The results of this study suggest that other solanaceous plants, such as the ubiquitous common nightshade (Solanum dulcamara) are also potential hosts even though others in the same family are not (e.g. tobacco, Nicotiana rustica). Common nightshade may be a host, but this is uncertain: no females reared on it laid eggs, and not enough sampling was done to determine whether the complete loss of female fecundity when reared on nightshade extends to the natural condition. This leaves open the question whether there are any native or escaped plants in Canada that are suitable alternate hosts. In cultivated areas, it is likely that sufficient hosts exist.
Tuta absoluta is a regulated pest for Canada of great concern due to challenges with eradication from greenhouses that continually produce solanaceous crops.
SOURCE: Bawin, T., Dujeu, D., de Backer, L., Francis, F. and Verheggen, F. J. (2016) Ability of Tuta absoluta (Lepidoptera: Gelechiidae) to develop on alternative host plant species. Canadian Entomologist 148(4):434-442.
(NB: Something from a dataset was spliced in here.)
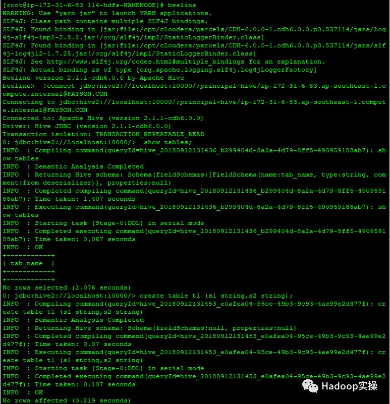 beeline> !connect jdbc:hive2://localhost:10000/;principal=hive/ip-172-31-6-83.ap-southeast-1.compute.internal@FAYSON.COM

New tools for monitoring e-commerce trade in invasive plants
Global internet trade (e-commerce) is increasingly recognized as a major pathway for the introduction of non-native plant species to new areas. Online trade offers easy shopping for consumers and new market opportunities for sellers; horticultural enthusiasts now have access to a wide range of plant species from a global network of suppliers in a competitive virtual marketplace that is very difficult to monitor and often bypasses border controls and plant health regulations. Several organizations are developing new software and automated search algorithms to improve their ability to monitor e-commerce in plants and plant products.
In 2015 a group of Swiss researchers developed a software tool that systematically downloaded information on internet offers of over 150,000 pre-defined plant species on eBay.com. They found 2625 species offered for sale during a 50 day search, of which 510 were identified as invasive species. Of the 100 most frequently offered species (many offered on a daily basis), a major proportion were ornamentals (64%), sometimes in combination with other uses (e.g., medicinal), and almost half were invasive species (41%). Offers originated from 65 different countries, with most vendors offering to ship anywhere in the world.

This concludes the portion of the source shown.